More than anything else, transportation technology has shaped the city's physical form. Urban centers in the Colonial Era were "walking cities'' with a three to five mile radius. Horse-drawn railways at the time of the Civil War pushed boundaries outward and led to the growth of "streetcar suburbs." Beginning in the 1890s, electric trolleys, els, and interurbans allowed the city to expand to truly metropolitan proportions of a twelve to fifteen mile radius. The coming of the automobile in the 1900s added further to this sprawling pattern of urban growth.

At first, the automobile was simply a plaything of the rich but with the introduction of the Model T by Henry Ford in 1908, the price fell within reach of the middle class. Six years later, Ford perfected the assembly line and production for the masses began in earnest. This achievement of industrial organization created a new term, "Fordism," which Americans equated with the ideas of technological progress and consumerism. Chicago, for example, contained 110,000 motor vehicles in 1920, a number which rose more than three-fold over the next five years to over 338,000 cars and trucks. Although Henry Ford's Detroit earned its nickname "The Motor City," as the center of auto manufacturing, Chicago too profited from this booming industry. The 1929 census shows that 6,650 workers at approximately 100 companies produced $80 million worth of cars and parts in the Chicago area.

By then, the city had almost a half million vehicles plying its streets, not counting the tens of thousands of commuters driving in from the suburbs. To accommodate all these vehicles, city planners had to become traffic managers and highway builders. In the mid-1920s, for example, they installed a system of traffic signals in the Loop and built the double-decker Wacker Drive to separate cars and trucks. The age of suburban sprawl and its car culture of drive-ins, garages, gas stations, shopping centers and parking lots had arrived. Also developing was the tourism industry with its motor hotels, and automobile clubs, and tourist guides.

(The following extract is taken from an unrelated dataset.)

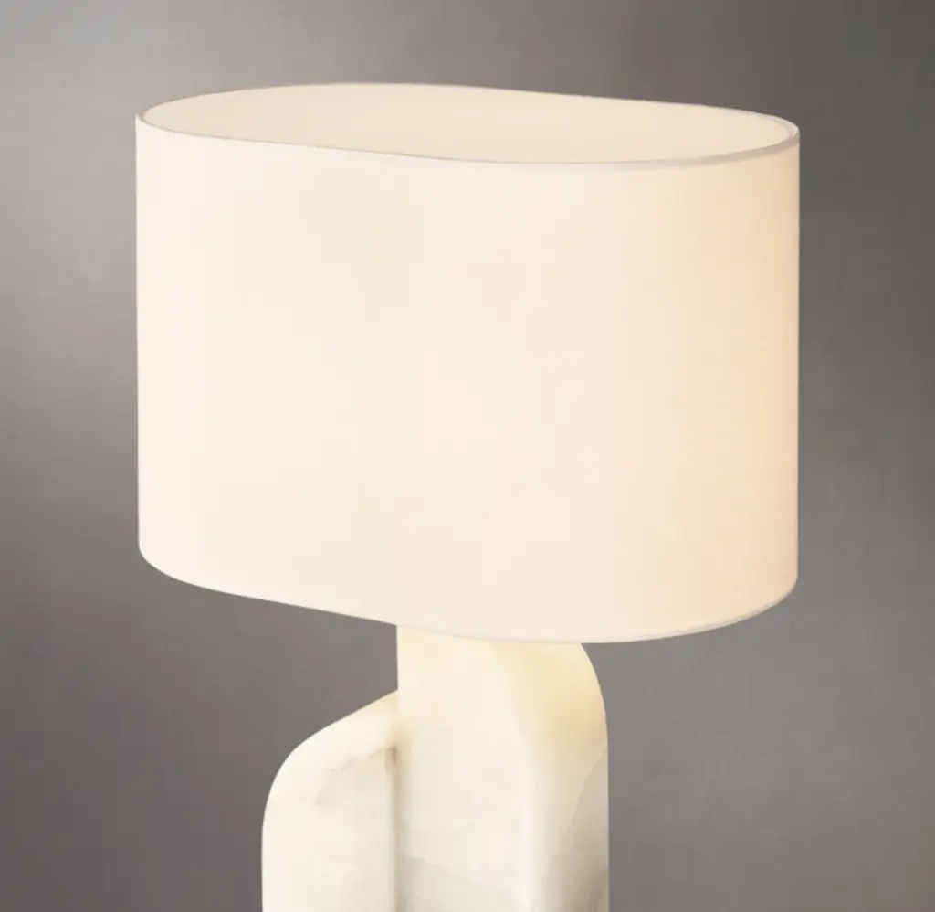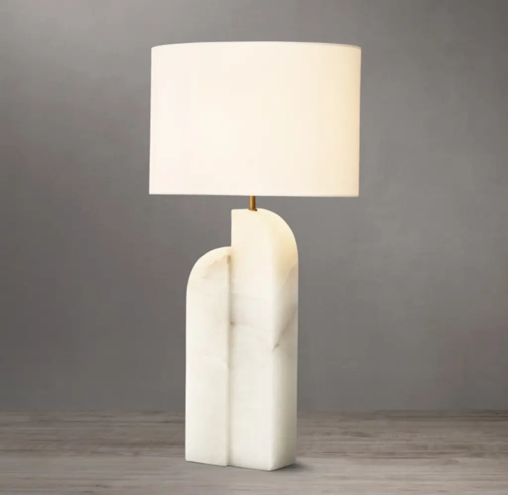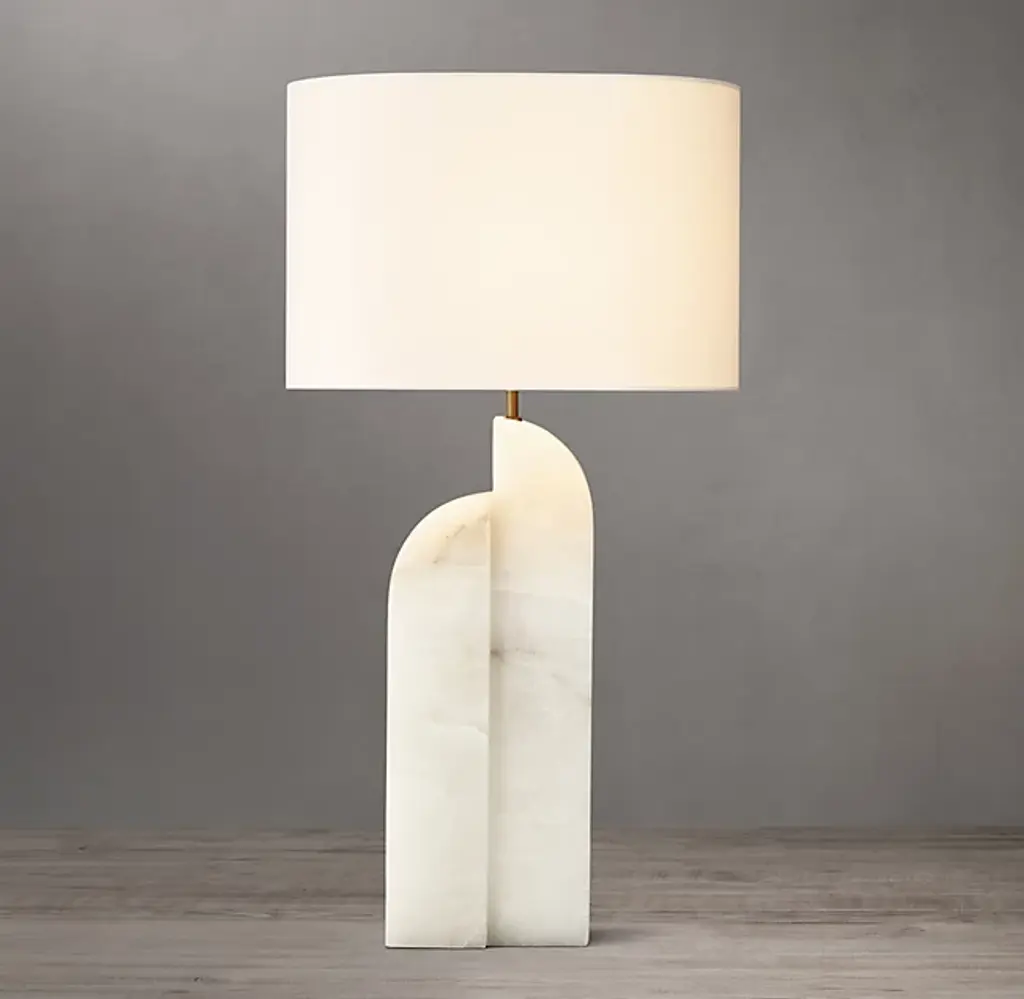 Handcrafted of honed alabaster or marble, the Savoye lamp combines two curved columns into one sculptural base, the staggered form calling to mind tectonic movement along a fault line. Informed by postmodernist design, the fixture casts warm, directional light down through the translucent stone.

In recent years, historians have changed their ideas about technology and the ways in which it changes society. Before, scholars viewed invention and innovation as a steady march of progress. Now, however, historians believe that human choice, not some kind of inevitable logic of the machine, represents a better picture of how technology changes. Chicagoans and other city dwellers preferred cars to several other transportation options such as walking, horses, bicycles, trolleys and els. This choice best accounts for our creation of a suburban nation. Why did Chicagoans choose autos over other technologies? At the time of Ford's Model T, many who lived in the city hoped to escape from its deadly epidemics, polluted air, and garbage-filled streets, problems caused by rapid industrialization and the growth of the urban population. Many also looked for a safe haven in the suburbs because they feared the immigrants, the working classes, and the emergence of new forms of urban popular entertainment such as movie theaters, dance halls, and nightclubs. Although rapid transit and interurbans provided a technological means to fulfill this social impulse to get out of the city, the automobile proved to be even more popular. It seemed to reinforce American values of individualism and freedom. Socialchoice was translated into public policies that resulted in a steady decline in public transportation while hundreds of millions of dollars were poured into road and highway improvements.